The key sentence in Janet Yellen's written testimony before the Senate this morning is here: "The FOMC's assessment that it can be patient in beginning to normalize policy means that the Committee considers it unlikely that economic conditions will warrant an increase in the target range for the federal funds rate for at least the next couple of FOMC meetings."
When will they raise rates? Providing the job market keeps improving, only when the Fed is "reasonably confident that inflation will move back over the medium term toward our 2 percent objective."
But Yellen has used this "next couple meetings" line before. In December, when the Fed changed its line that it would keep rates low for a "considerable time" to simply assuring everyone they would be "patient" as to when rates might rise, Yellen made a point of saying that this did not represent a change in policy, and then said, "In particular, the committee considers it unlikely to begin the normalization process for at least the next couple of meetings."
That was December. At that time, everyone said that meant no hike at the January or March meeting, but there could be in April.
Now there is no rate hike in March or April, but there could be one in June.

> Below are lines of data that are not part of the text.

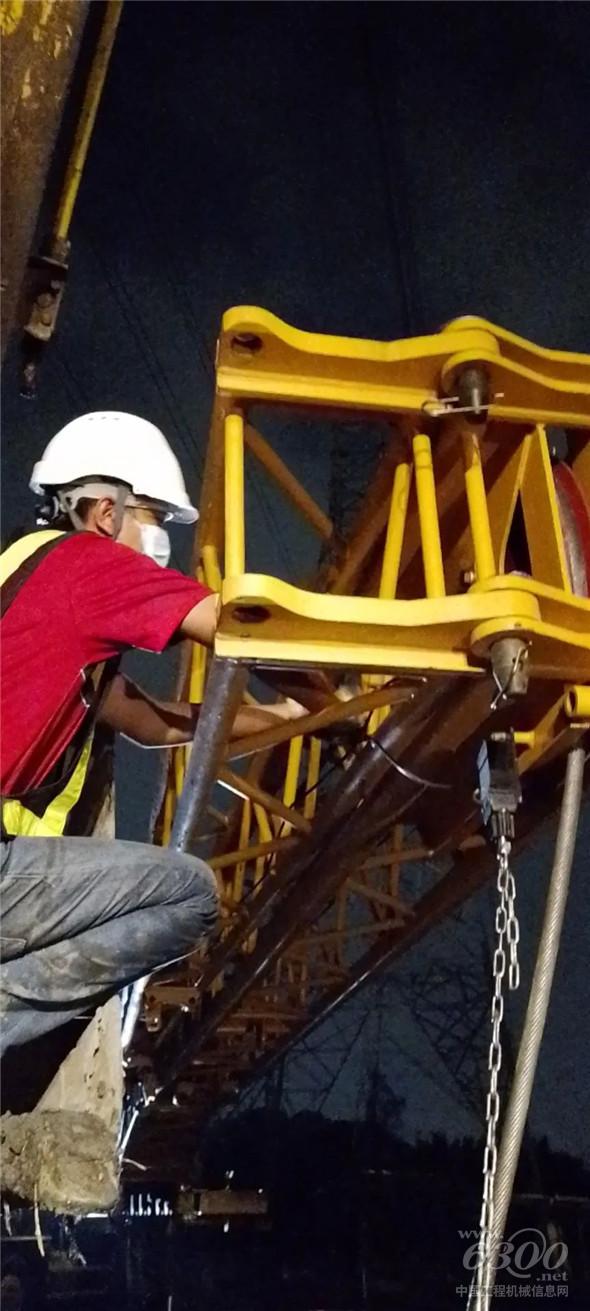 10月26日晚上八点,徐工起重机海外经理李培磊接到客户的电话,XCT130正在曼谷Bangbo地区抢修电塔,需要加装20.8米副臂。情况紧急,电塔切断导致周边停电,多耽误一分钟损失就增大一分。挂上电话后,李培磊一边准备所有可能用的上的配件,一边联系当地经销商,调拨人员和车辆,二话不说直奔施工现场。
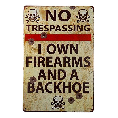DL-Vintage Metal Gun Sign No Trespassing Firearms Sign-I Own Firearms And A Backhoe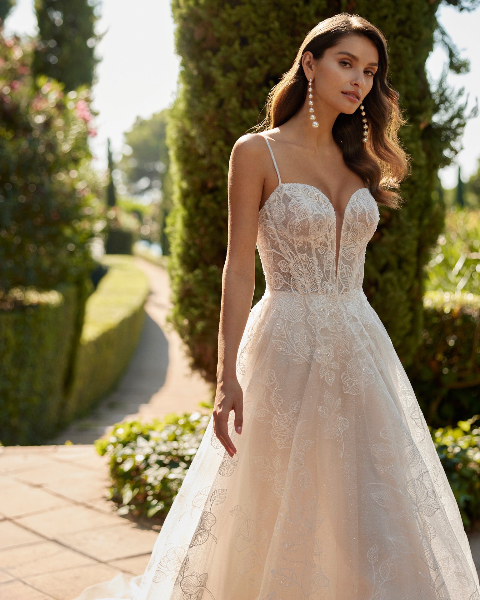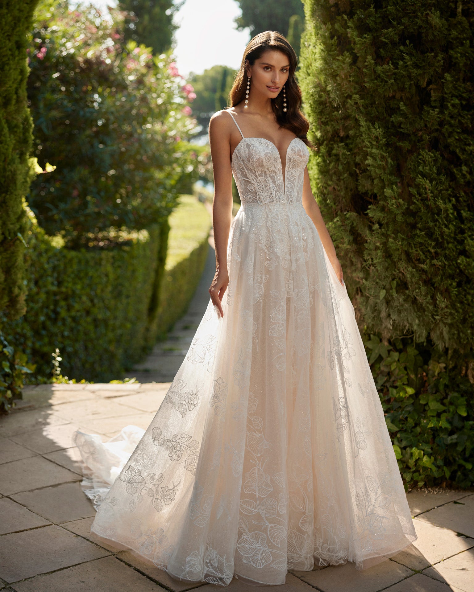 Devine by Adriana Alier is a modern A-line wedding dress that combines glamour and sophistication. Crafted from delicate lace, rhinestones, and glitter tulle, this gown sparkles with every movement. The plunging neckline adds a touch of allure, while the crossed straps at the back create a striking and elegant silhouette. An exclusive design by Adriana Alier, Devine is the perfect choice for brides who want to shine on their special day with a contemporary yet timeless bridal look.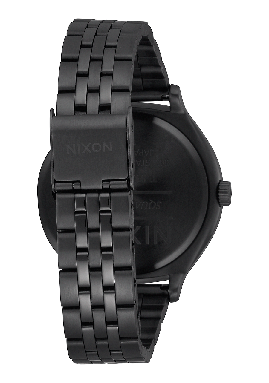 38mm, 50 meter / 5 ATM, custom solid stainless steel case, hardened mineral crystal, stainless steel snap fit caseback and spring pin lugs.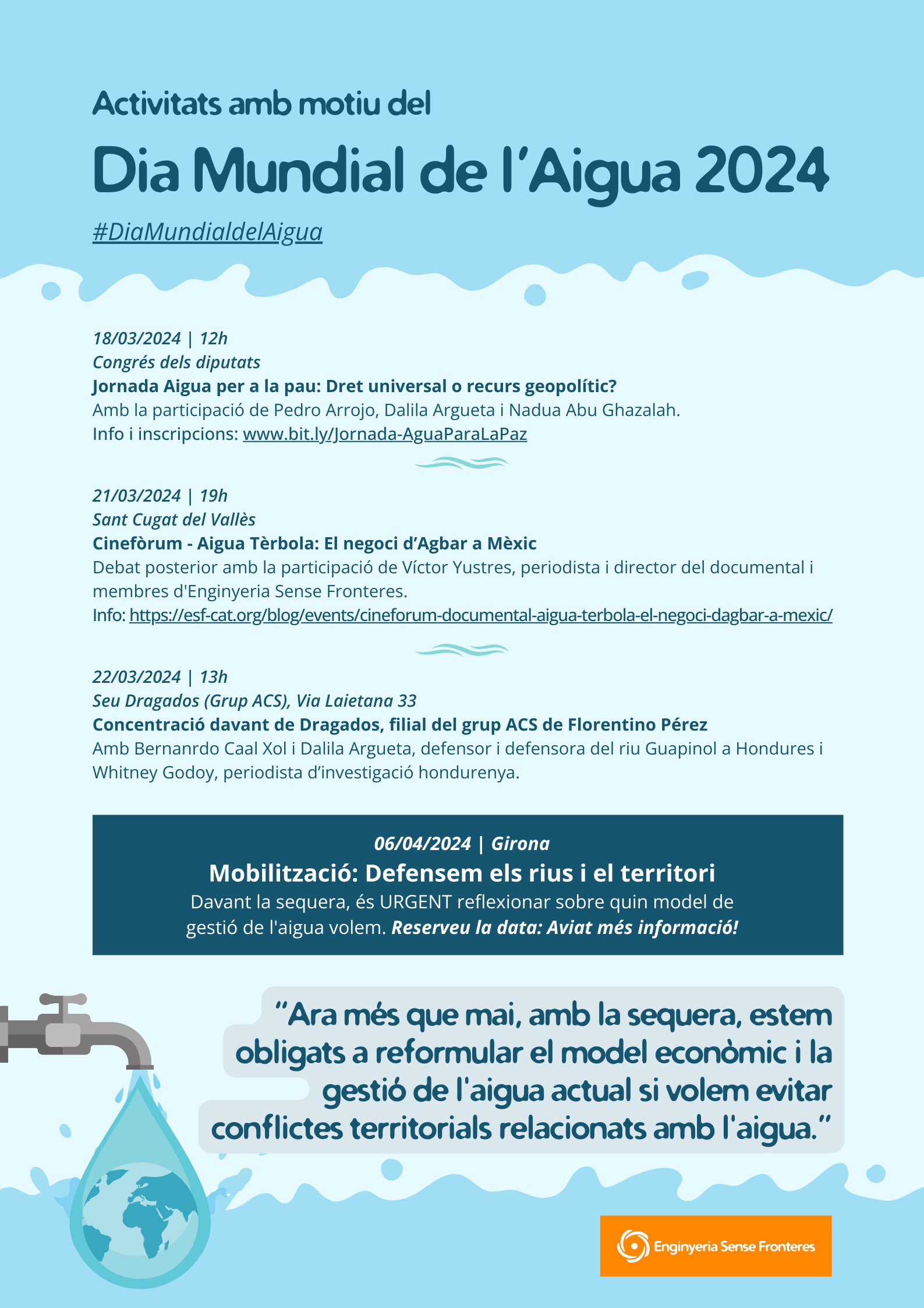 Dia Mundial de l’Aigua 2024 “Ara més que mai, amb la sequera, estem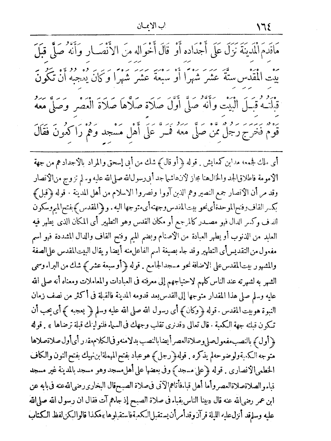 أي ملك فجمعه مداين كمعايش. قوله: (أو قال) شك من أبي إسحق والمراد بالأجداد هم من جهة الأمومة فإطلاق الجد والخال هنا مجاز لأن هاشماً جد أبي رسول الله صلى الله عليه وسلم تزوج من الأنصار وقد مر أن الأنصار جمع النصير وهم الذين آووا ونصروا الإسلام من أهل المدينة. قوله: (قبل) بكسر القاف وفتح الموحدة أي نحو بيت المقدس وجهته أي متوجهاً إليه. و (المقدس) بفتح الميم وسكون القاف وكسر الدال فهو مصدر كالمرجع أو مكان المقدس وهو التطهير أي المكان الذي يطهر فيه العابد من الذنوب أو يطهر العبادة من الأصنام وبضم الميم وفتح القاف والدال المشددة فهو اسم مفعول من التقديس أي التطهير وقد جاء بصيغة اسم الفاعل منه أيضاً ويقال البيت المقدس على الصفة والمشهور بيت المقدس على الإضافة نحو مسجد الجامع. قوله: (أو سبعة عشر) شك من البراء وسمي الشهر به لشهرته عند الناس كلهم لاحتياجهم إلى معرفته في العبادات والمعاملات ومعناه أنه صلى الله عليه وسلم صلى هذا المقدار متوجهاً إلى القدس بعد قدومه المدينة فالقبلة في أكثر من نصف زمان النبوة هو بيت المقدس. قوله: (وكان) أي رسول الله صلى الله عليه وسلم (يعجبه) أي يحب أن تكون قبلته جهة الكعبة. قال تعالى (قد نرى تقلب وجهك في السماء فلنولينك قبلة ترضاها). قوله:: (أول) بالنصب مفعول صلى وصلاة العصر أيضاً بالنصب بدلاً منه وفي الكلام مقدر أي أول صلاة صلاها متوجه الكعبة ولوضوحه لم يذكره. قوله: (رجل) هو عباد بفتح المهملة بن نهيك بفتح النون والكاف الخطمي الأنصاري. قوله: (على مسجد) وفي بعضها على أهل مسجد وهو مسجد بالمدينة غير مسجد قباء والصلاة صلاة العصر وأما أهل قباء فأتاهم الآتي في صلاة الصبح قال البخاري رضي الله عنه في بابه عن ابن عمر رضي الله عنه قال (بينا الناس بقباء في صلاة الصبح إذ جاءهم آت فقال أن رسول الله صلى الله عليه وسلم قد أنزل عليه الليلة قرآن وقد أمر أن يستقبل الكعبة فاستقبلوها) هكذا قالوا الكن لفظ الكتاب
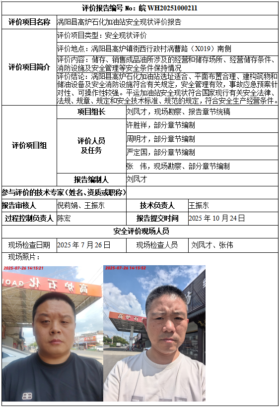 涡阳县高炉石化加油站安全现状评价报告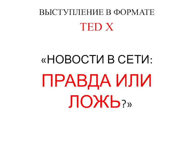 ВЫСТУПЛЕНИЕ В ФОРМАТЕ TED X«НОВОСТИ В СЕТИ: ПРАВДА ИЛИ ЛОЖЬ?»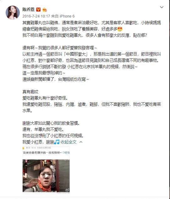 陈乔恩走红后经常被网友扒出早年的心酸成名史,早年陈乔恩参加台湾的综艺节目曾自曝了养颜秘笈和丰胸秘籍,在节目中自曝爱吃鸡睾丸,许多网友对其炮轰,称其喜好怪异。对此陈乔恩专门发了微博来回应,她表示自己从小就爱吃鸡睾丸,还称吃它可以美容。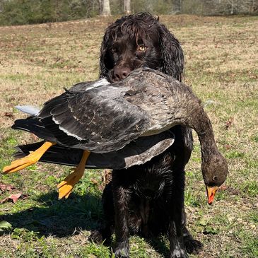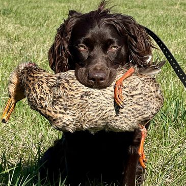 full obedience, collar conditioning, force fetch, and simple casting. This phase creates a dependable dog that responds cleanly to commands on and off lead. Confident with birds, gunfire, and decoys.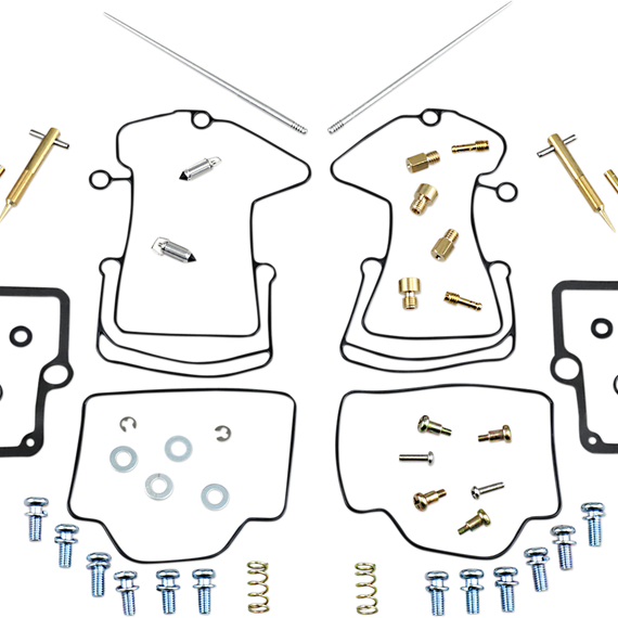 Caracteristicas: Kit includes all necessary O-rings, gaskets, jets, needle, mixture screw, float bowl screws, float valve needle and seat (needle jet and other pressed-in jets are not included in kit) NBR rubber material is used on all O-rings and rubber gaskets; NBR has excellent resistance to the ethanol used in today's fuels Applications that use paper float bowl gaskets are upgraded to High Performance Interference Gasket material Models with multiple carburetors include components to repair all carburetors OEM jet sizes and slide needles are included in the kit

Say what you will about the Fed being behind the curve, Yellen has mastered the art of managing expectations. Her goal seems to be to be: go slow, very slow, and no surprises.
She has come a long way from her debut in March of last year, when at her first press conference, she said the Fed would start raising short-term rates about six months after they end their stimulus program.
You're not hearing those kinds of time-specific comments any more.
The Fed is not just agonizing over whether they should raise rates; they are agonizing over when they should remove the word "patient."
Art Cashin noted that Yellen has hewed careful to the Hippocratic Oath: first, do no harm. He is referring to doing no harm to markets.
If that is indeed her goal, she is accomplishing that.